Leading on from one discussion of reporting style to another, did you hear the one about how the new Google Ocean maps of the sea floor revealed a rectangle the size of Wales comprised of straight lines intersecting at right angles? In exactly the place that some ancient writers suggested as the location of Atlantis?*
Well, sorry to disappoint, but it turns out that the markings aren’t the work of an ancient civilisation or marauding aquatic aliens after all:
The scientific explanation is a bit less exotic, but we think it’s still pretty interesting: these marks are what we call “ship tracks.” You see, it’s actually quite hard to measure the depth of the ocean. Sunlight, lasers, and other electromagnetic radiation can travel less than 100 feet below the surface, yet the typical depth in the ocean is more than two and a half miles. Sound waves are more effective. By measuring the time it takes for sound to travel from a ship to the sea floor and back, you can get an idea of how far away the sea floor is. Since this process — known as echosounding — only maps a strip of the sea floor under the ship, the maps it produces often show the path the ship took, hence the “ship tracks.” In this case, the soundings produced by a ship are also about 1% deeper than the data we have in surrounding areas — likely an error — making the tracks stand out more.

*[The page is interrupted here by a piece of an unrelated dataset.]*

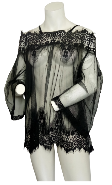 Floral Pattern Top with Sleeves and Panty Set Black

Of course, Google are probably just feeding us the line their reptilian overlords want us to hear in order to keep the Secret Mysteries out of the hands of the slave races; the truth is down there, kids. Never stop believing.
[ * – Yes, the Telegraph again. Once the fuss has died down over the initial story, we’ll start getting the human interest pieces about how drug-addicted immigrant Polish ship captains – having successfully abducted Princess Diana and Madeline McCann – are now giving hardworking British taxpayers some form of gay Atlantean cancer.]